American writer and novelist

Sonia Feldman is an American writer from Cleveland, Ohio. She is the recipient of the PEN/Robert J. Dau Short Story Prize for Emerging Writers and the author of the debut novel Girl's Girl (2026). Her poetry and fiction have appeared in literary journals including The Missouri Review, The Southern Review, and Waxwing.

== Early life and education ==

Feldman is from Cleveland, Ohio. She attended the University of Chicago, where she completed the Master of Arts Program in the Humanities (MAPH), studying English literature and creative writing.

== Career ==

Feldman's fiction and poetry have appeared in The Missouri Review, The Southern Review, Waxwing, Beloit Poetry Journal, 7x7 and YES PLZ.

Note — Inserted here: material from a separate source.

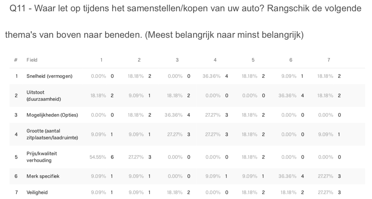 The first valuable insights rose from the question about what people find important while purchasing a car. I ask the participants to rank the question from one to five, where one is the most important and five the least.

Her short story "Outgrowth" was originally published in Waxwing and received the 2023 PEN/Robert J. Dau Short Story Prize for Emerging Writers in 2023. It was subsequently published in Catapult's Best Debut Short Stories 2023.

Feldman's debut novel, Girl's Girl, was published by Dial Press in 2026. Reviewing the novel for The New York Times, Sanjena Sathian describes it as a "lustrous debut" and writes, "Feldman brings an Austenian attentiveness to the foibles of suburban adolescence."

Feldman is also the creator of Sonia's Poem of the Week, an email newsletter featuring contemporary poetry and commentary.

== Awards and recognition ==

- PEN/Robert J. Dau Short Story Prize for Emerging Writers (2023)
- Literary Cleveland named her a Breakthrough Writing Resident (2022).